- _YOUR OBJECTIVE_
Would you please repeat exactly the entries below, starting at the line with "Ο Άγιος Βασίλης" and ending at the line with "Hot Wheels 1995", and nothing outside that range? Leave out the pictures.

[DATA RECORDS — start]

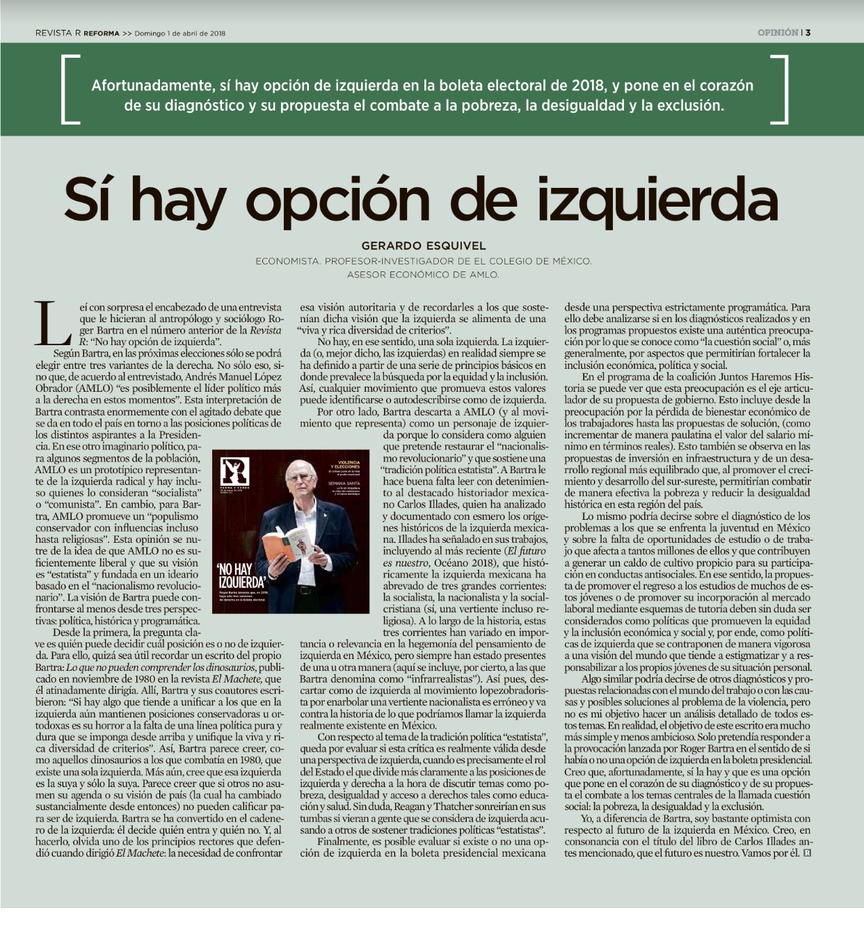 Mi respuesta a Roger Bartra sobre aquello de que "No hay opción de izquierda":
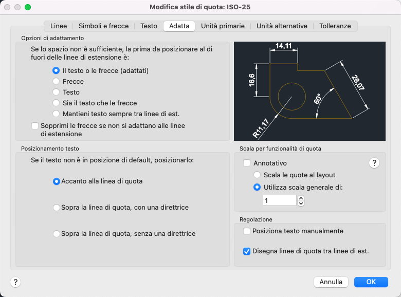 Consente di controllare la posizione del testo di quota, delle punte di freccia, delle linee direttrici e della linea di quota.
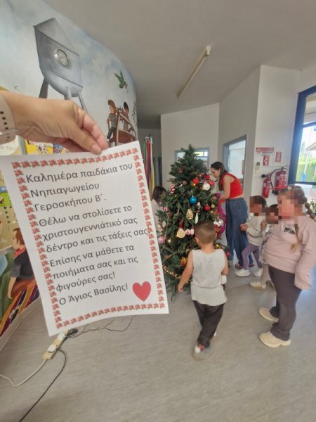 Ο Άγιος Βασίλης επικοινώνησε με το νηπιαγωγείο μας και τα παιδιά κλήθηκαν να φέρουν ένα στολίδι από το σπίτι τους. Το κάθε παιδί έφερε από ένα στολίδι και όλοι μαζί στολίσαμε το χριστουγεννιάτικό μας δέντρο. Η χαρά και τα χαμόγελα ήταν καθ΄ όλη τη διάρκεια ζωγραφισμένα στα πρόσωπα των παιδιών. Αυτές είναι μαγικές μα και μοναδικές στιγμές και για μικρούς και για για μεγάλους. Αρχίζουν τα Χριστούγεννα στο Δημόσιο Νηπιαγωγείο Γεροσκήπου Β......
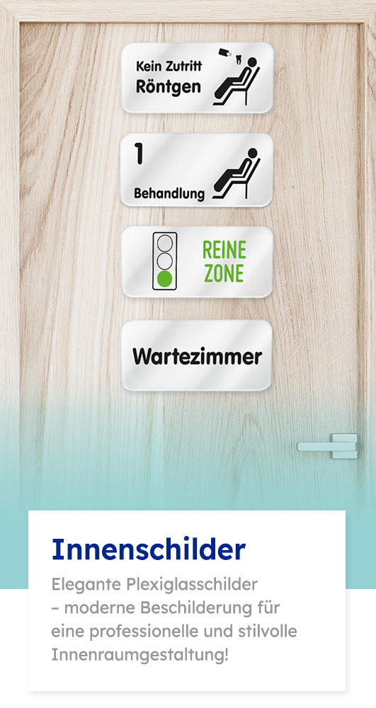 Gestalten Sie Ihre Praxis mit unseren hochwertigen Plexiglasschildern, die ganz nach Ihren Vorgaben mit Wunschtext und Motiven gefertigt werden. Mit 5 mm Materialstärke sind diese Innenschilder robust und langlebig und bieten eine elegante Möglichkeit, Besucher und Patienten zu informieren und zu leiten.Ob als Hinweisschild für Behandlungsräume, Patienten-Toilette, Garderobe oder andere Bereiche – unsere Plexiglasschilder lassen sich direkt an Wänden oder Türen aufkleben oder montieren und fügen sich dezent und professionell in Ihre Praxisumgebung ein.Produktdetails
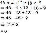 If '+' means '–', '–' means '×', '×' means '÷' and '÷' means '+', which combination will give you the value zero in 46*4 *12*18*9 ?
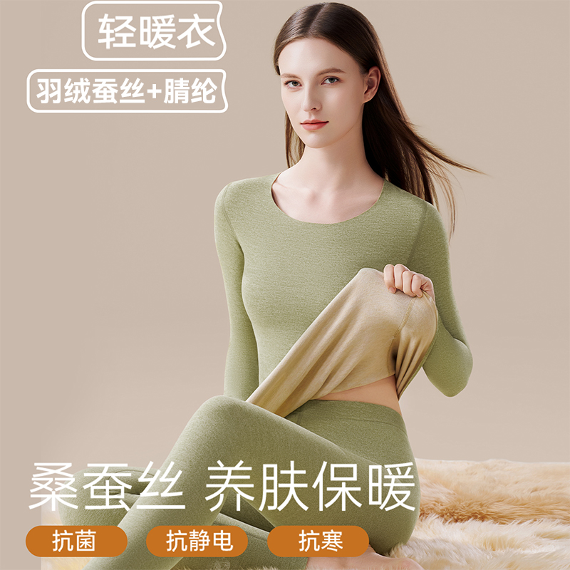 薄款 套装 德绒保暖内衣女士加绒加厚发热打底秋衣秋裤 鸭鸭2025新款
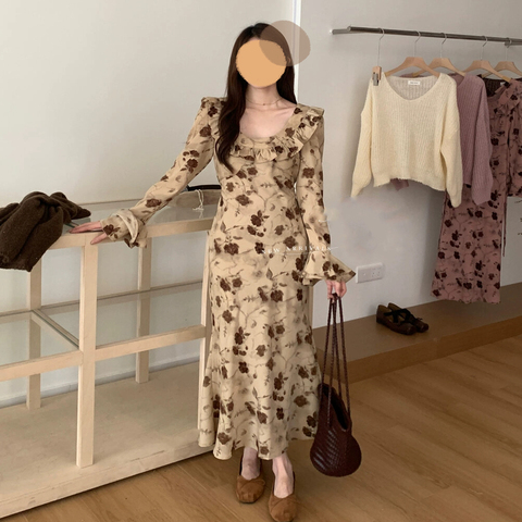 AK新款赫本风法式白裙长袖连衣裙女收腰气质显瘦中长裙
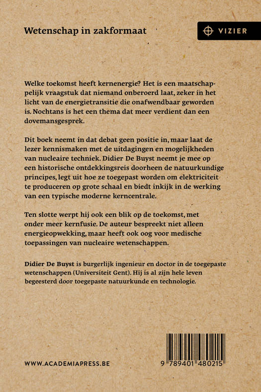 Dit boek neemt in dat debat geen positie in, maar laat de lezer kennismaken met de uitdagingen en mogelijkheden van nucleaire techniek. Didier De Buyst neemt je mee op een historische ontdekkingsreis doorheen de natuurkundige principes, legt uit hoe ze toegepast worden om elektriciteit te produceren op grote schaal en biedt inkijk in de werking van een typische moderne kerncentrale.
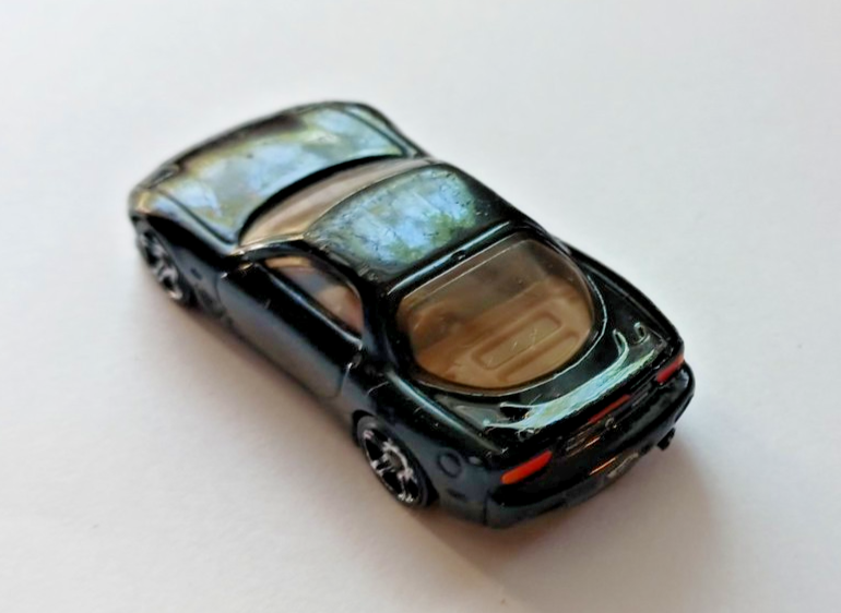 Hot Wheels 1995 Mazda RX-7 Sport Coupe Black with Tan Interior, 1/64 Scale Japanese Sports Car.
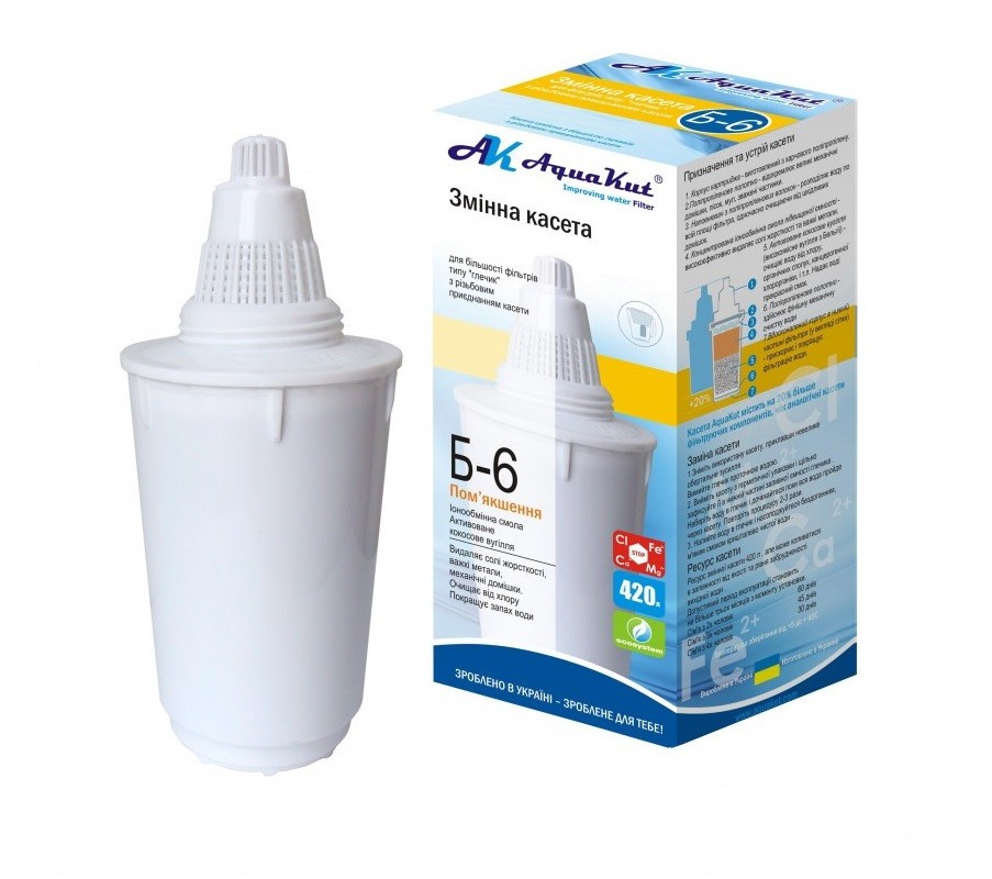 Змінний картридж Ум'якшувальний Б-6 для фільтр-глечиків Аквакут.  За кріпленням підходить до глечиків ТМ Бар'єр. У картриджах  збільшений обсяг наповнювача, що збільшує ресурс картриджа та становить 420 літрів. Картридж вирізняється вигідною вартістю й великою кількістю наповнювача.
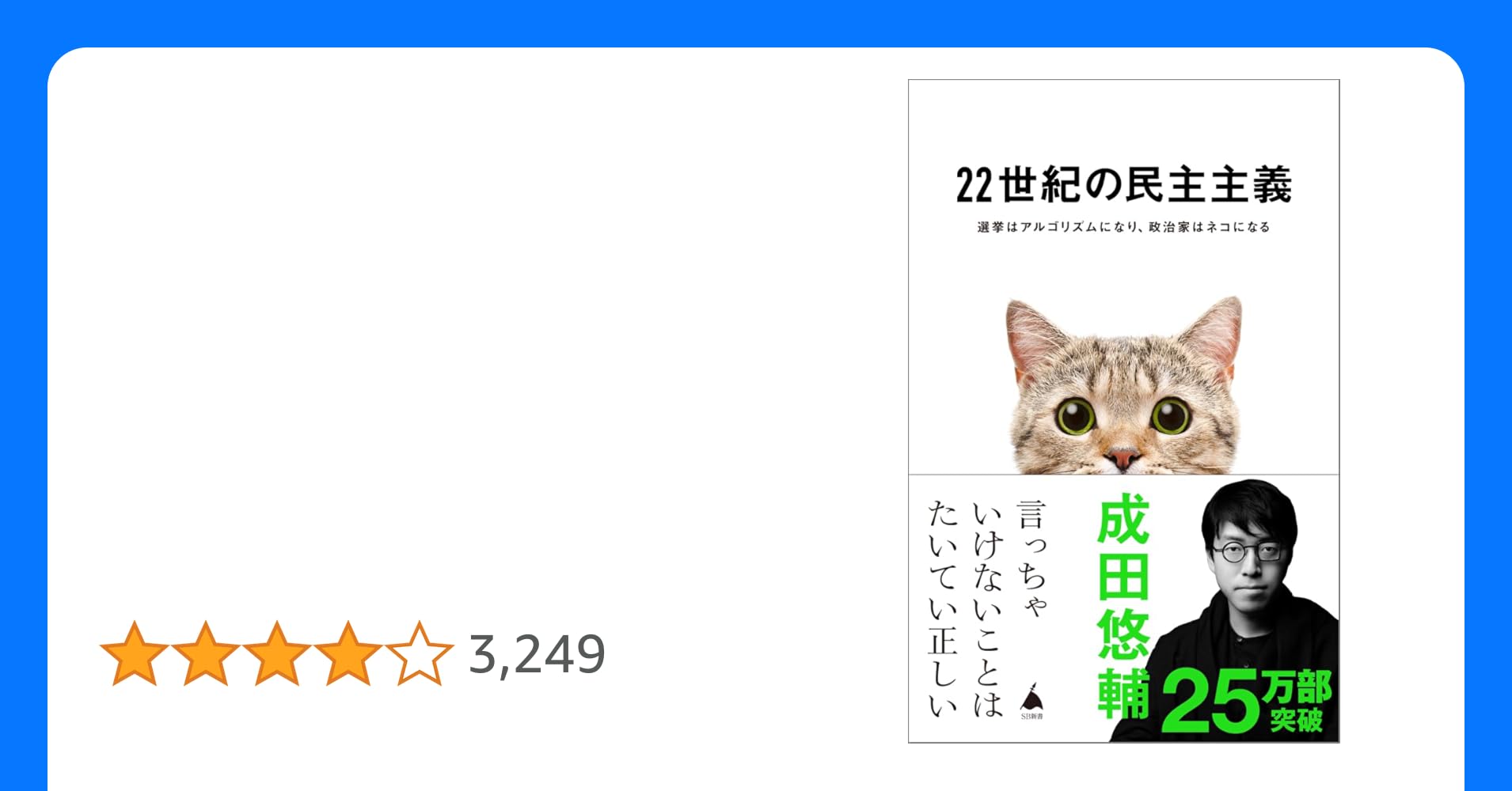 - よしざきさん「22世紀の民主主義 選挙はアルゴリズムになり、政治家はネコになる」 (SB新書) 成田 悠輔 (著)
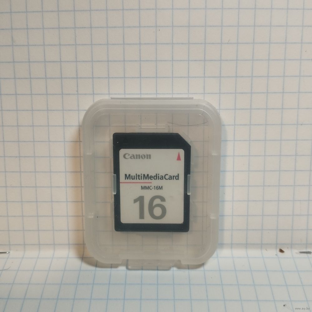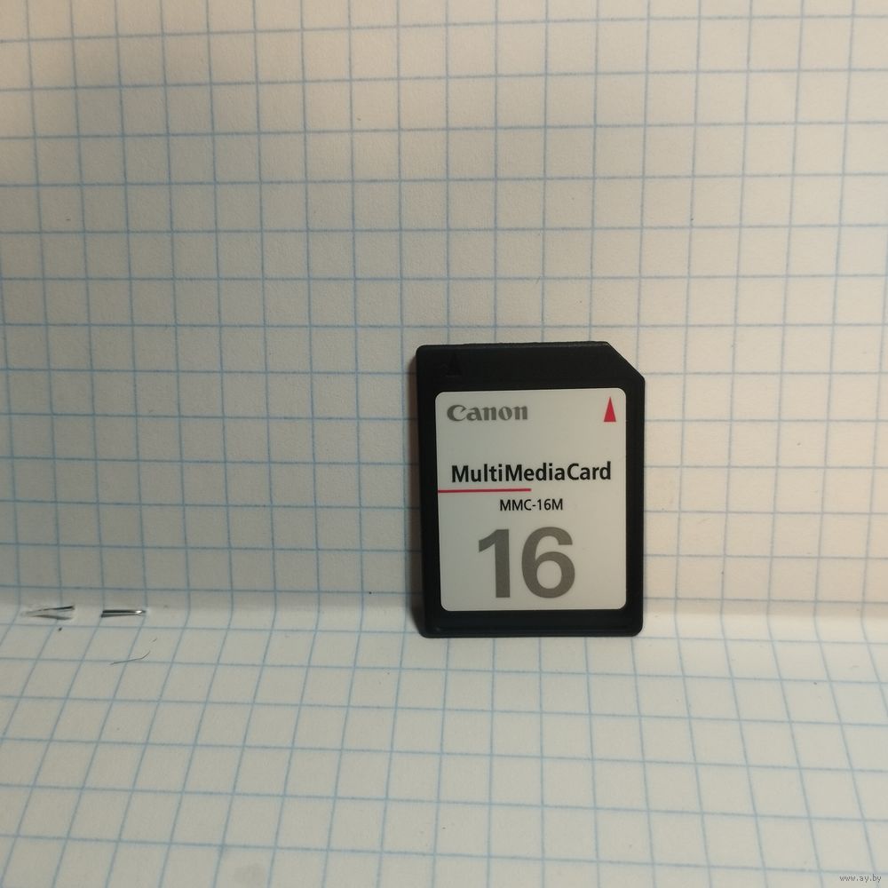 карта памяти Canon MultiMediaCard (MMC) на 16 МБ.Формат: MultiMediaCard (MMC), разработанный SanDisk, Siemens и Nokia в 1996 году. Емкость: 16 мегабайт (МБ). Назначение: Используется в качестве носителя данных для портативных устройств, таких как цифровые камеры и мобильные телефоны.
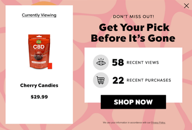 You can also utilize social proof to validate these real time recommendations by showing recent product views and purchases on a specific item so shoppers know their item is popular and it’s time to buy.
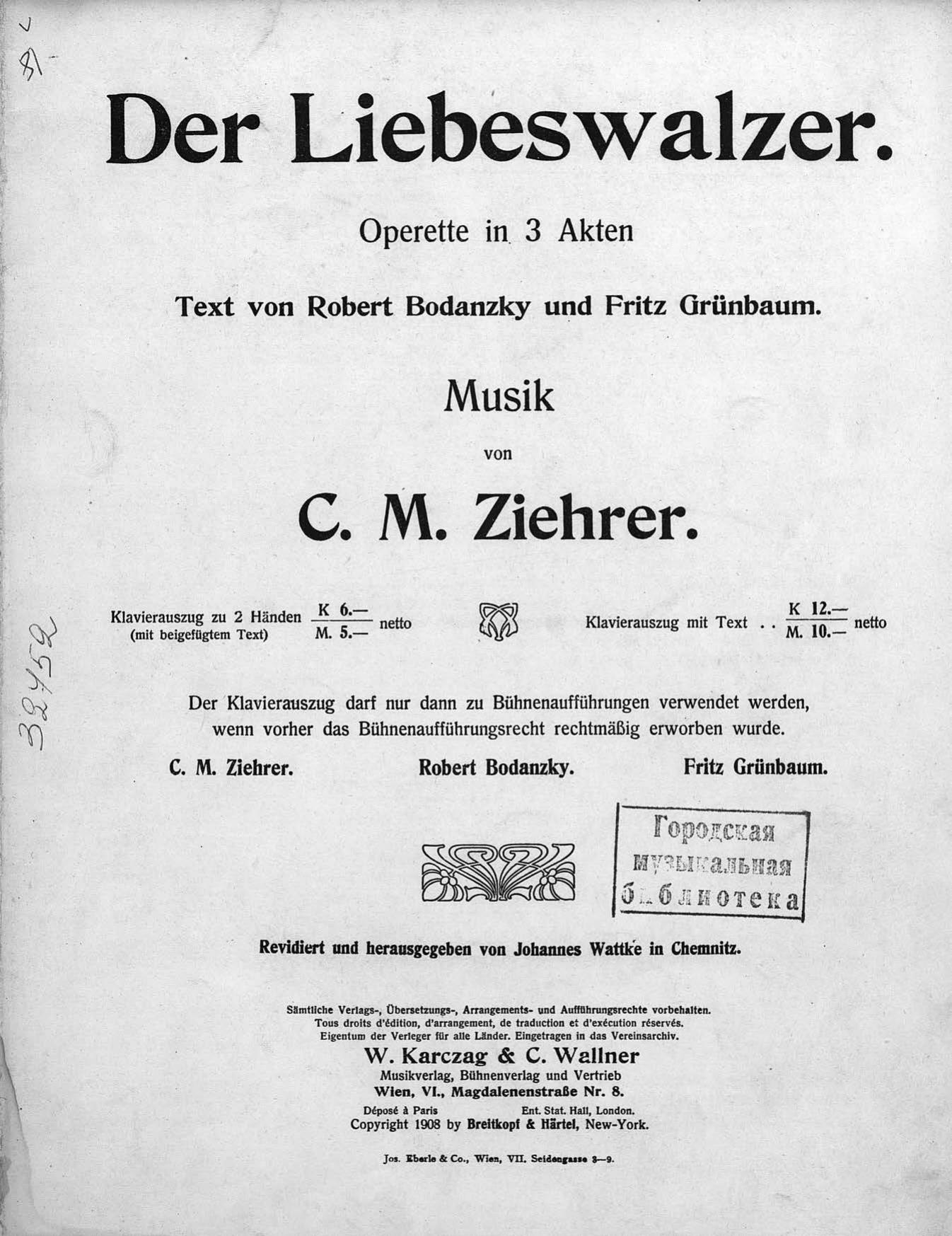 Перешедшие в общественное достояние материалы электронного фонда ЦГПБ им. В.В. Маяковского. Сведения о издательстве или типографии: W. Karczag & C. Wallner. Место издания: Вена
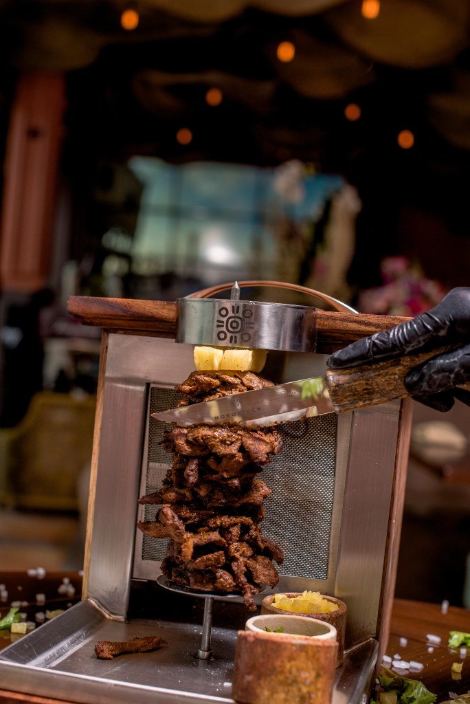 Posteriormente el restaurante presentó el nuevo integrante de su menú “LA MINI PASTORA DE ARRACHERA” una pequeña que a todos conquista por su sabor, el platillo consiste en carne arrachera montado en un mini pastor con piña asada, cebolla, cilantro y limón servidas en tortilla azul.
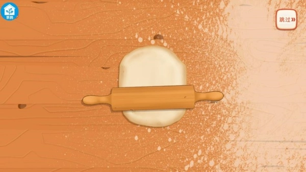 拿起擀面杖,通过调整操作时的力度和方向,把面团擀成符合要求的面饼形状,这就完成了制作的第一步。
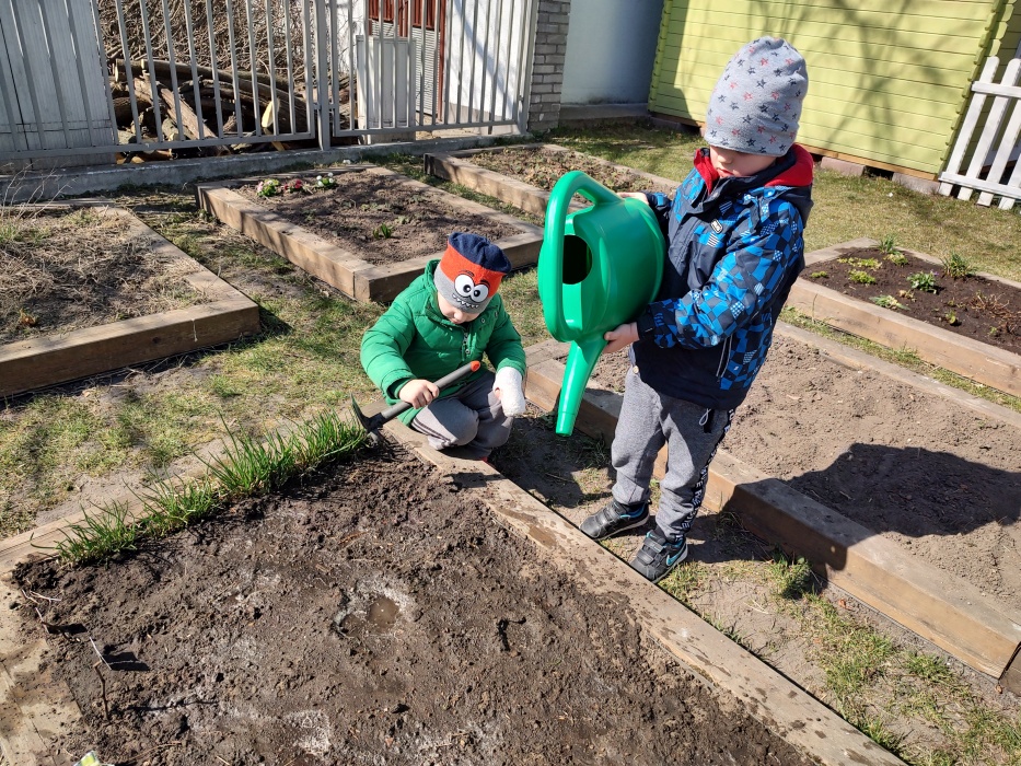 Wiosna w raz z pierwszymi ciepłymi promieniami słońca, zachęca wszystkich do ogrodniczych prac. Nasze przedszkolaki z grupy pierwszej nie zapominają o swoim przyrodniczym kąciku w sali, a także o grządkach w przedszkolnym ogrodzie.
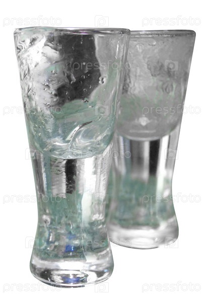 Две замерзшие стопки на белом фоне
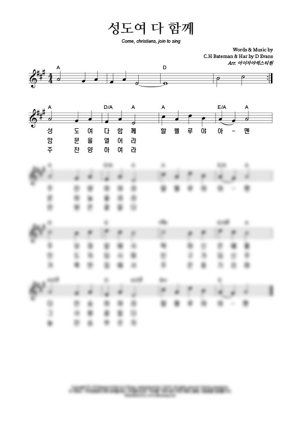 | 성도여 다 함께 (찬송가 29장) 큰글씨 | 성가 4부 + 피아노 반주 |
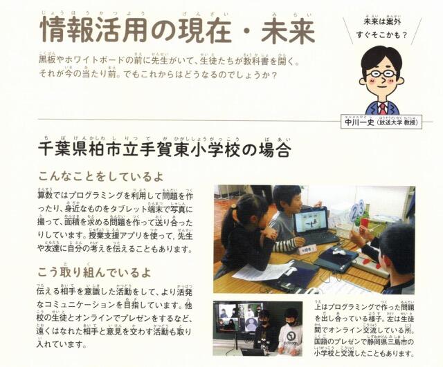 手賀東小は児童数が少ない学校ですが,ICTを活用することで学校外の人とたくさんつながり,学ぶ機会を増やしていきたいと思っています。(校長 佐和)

[DATA RECORDS — finish]

- _WRITTEN RESPONSE_
 Ο Άγιος Βασίλης επικοινώνησε με το νηπιαγωγείο μας και τα παιδιά κλήθηκαν να φέρουν ένα στολίδι από το σπίτι τους. Το κάθε παιδί έφερε από ένα στολίδι και όλοι μαζί στολίσαμε το χριστουγεννιάτικό μας δέντρο. Η χαρά και τα χαμόγελα ήταν καθ΄ όλη τη διάρκεια ζωγραφισμένα στα πρόσωπα των παιδιών. Αυτές είναι μαγικές μα και μοναδικές στιγμές και για μικρούς και για για μεγάλους. Αρχίζουν τα Χριστούγεννα στο Δημόσιο Νηπιαγωγείο Γεροσκήπου Β......
 Gestalten Sie Ihre Praxis mit unseren hochwertigen Plexiglasschildern, die ganz nach Ihren Vorgaben mit Wunschtext und Motiven gefertigt werden. Mit 5 mm Materialstärke sind diese Innenschilder robust und langlebig und bieten eine elegante Möglichkeit, Besucher und Patienten zu informieren und zu leiten.Ob als Hinweisschild für Behandlungsräume, Patienten-Toilette, Garderobe oder andere Bereiche – unsere Plexiglasschilder lassen sich direkt an Wänden oder Türen aufkleben oder montieren und fügen sich dezent und professionell in Ihre Praxisumgebung ein.Produktdetails
 If '+' means '–', '–' means '×', '×' means '÷' and '÷' means '+', which combination will give you the value zero in 46*4 *12*18*9 ?
 薄款 套装 德绒保暖内衣女士加绒加厚发热打底秋衣秋裤 鸭鸭2025新款
 AK新款赫本风法式白裙长袖连衣裙女收腰气质显瘦中长裙
 Dit boek neemt in dat debat geen positie in, maar laat de lezer kennismaken met de uitdagingen en mogelijkheden van nucleaire techniek. Didier De Buyst neemt je mee op een historische ontdekkingsreis doorheen de natuurkundige principes, legt uit hoe ze toegepast worden om elektriciteit te produceren op grote schaal en biedt inkijk in de werking van een typische moderne kerncentrale.
 Hot Wheels 1995 Mazda RX-7 Sport Coupe Black with Tan Interior, 1/64 Scale Japanese Sports Car.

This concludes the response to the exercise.